Description of the task:
With the pictures left out, copy the listing below exactly.

The data:
- Opening Delimiter -

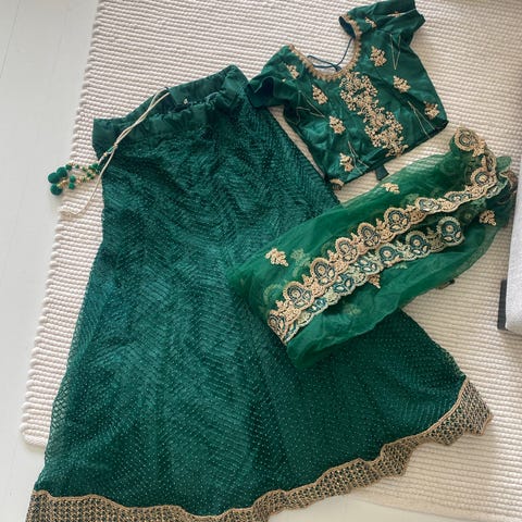 Pakistansk kjole/suit med sjal og pouch-veske.
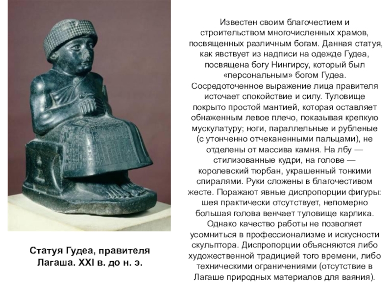 и строительством многочисленных храмов, посвященных различным богам. Данная статуя, как явствует из надписи на одежде Гудеа, посвящена богу Нингирсу, который был «персональным» богом Гудеа. Сосредоточенное выражение лица правителя источает спокойствие и силу. Туловище покрыто простой мантией, которая оставляет обнаженным левое плечо, показывая крепкую мускулатуру; ноги, параллельные и рубленые (с утонченно отчеканенными пальцами), не отделены от массива камня. На лбу — стилизованные кудри, на голове — королевский тюрбан, украшенный тонкими спиралями. Руки сложены в благочестивом жесте. Поражают явные диспропорции фигуры: шея практически отсутствует, непомерно большая голова венчает туловище карлика. Однако качество работы не позволяет усомниться в профессионализме и искусности скульптора. Диспропорции объясняются либо художественной традицией того времени, либо техническими ограничениями (отсутствие в Лагаше природных материалов для ваяния).
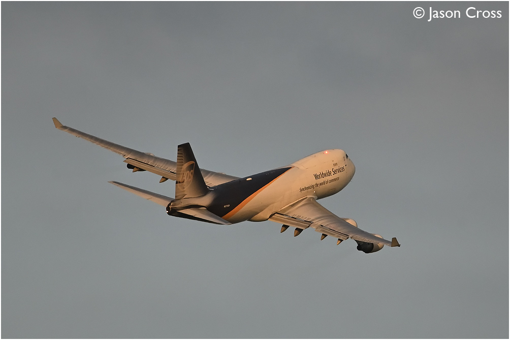 UPS Boeing 747 N570UP departing from East Midlands Airport with a cargo flight for Philadelphia. Date: 2 April 2022 Manipulation Notes: None
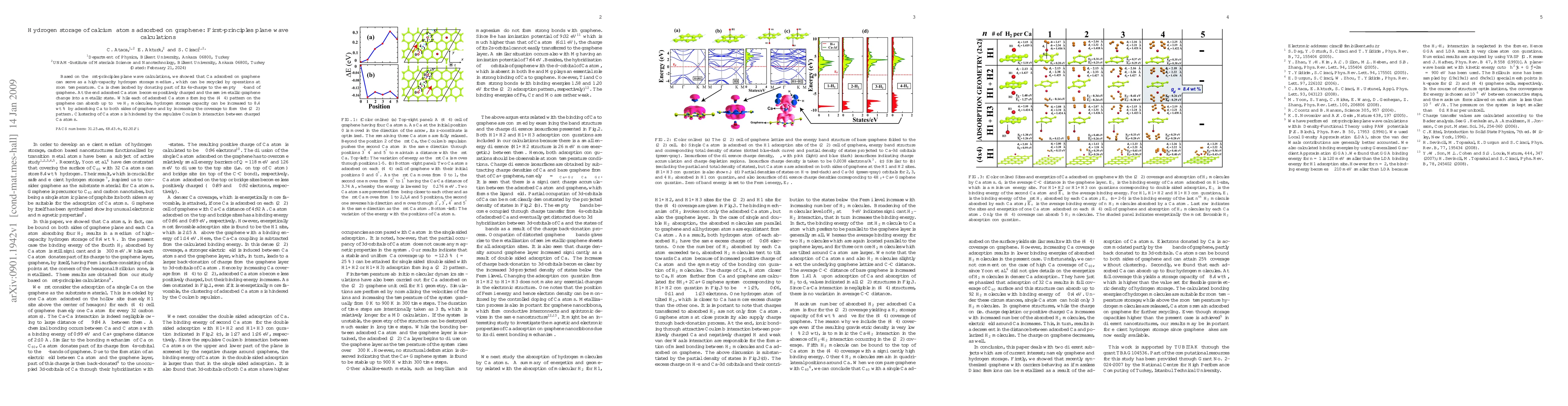 Summary: First-principles calculations reveal that calcium adsorbed on graphene can store hydrogen efficiently, with each Ca-graphene unit absorbing up to five H₂ molecules, achieving a high storage capacity of 8.4 wt %, and can be recycled at room temperature.

- Closing Delimiter -

Exercise solution:
 Pakistansk kjole/suit med sjal og pouch-veske.
 и строительством многочисленных храмов, посвященных различным богам. Данная статуя, как явствует из надписи на одежде Гудеа, посвящена богу Нингирсу, который был «персональным» богом Гудеа. Сосредоточенное выражение лица правителя источает спокойствие и силу. Туловище покрыто простой мантией, которая оставляет обнаженным левое плечо, показывая крепкую мускулатуру; ноги, параллельные и рубленые (с утонченно отчеканенными пальцами), не отделены от массива камня. На лбу — стилизованные кудри, на голове — королевский тюрбан, украшенный тонкими спиралями. Руки сложены в благочестивом жесте. Поражают явные диспропорции фигуры: шея практически отсутствует, непомерно большая голова венчает туловище карлика. Однако качество работы не позволяет усомниться в профессионализме и искусности скульптора. Диспропорции объясняются либо художественной традицией того времени, либо техническими ограничениями (отсутствие в Лагаше природных материалов для ваяния).
 UPS Boeing 747 N570UP departing from East Midlands Airport with a cargo flight for Philadelphia. Date: 2 April 2022 Manipulation Notes: None
 Summary: First-principles calculations reveal that calcium adsorbed on graphene can store hydrogen efficiently, with each Ca-graphene unit absorbing up to five H₂ molecules, achieving a high storage capacity of 8.4 wt %, and can be recycled at room temperature.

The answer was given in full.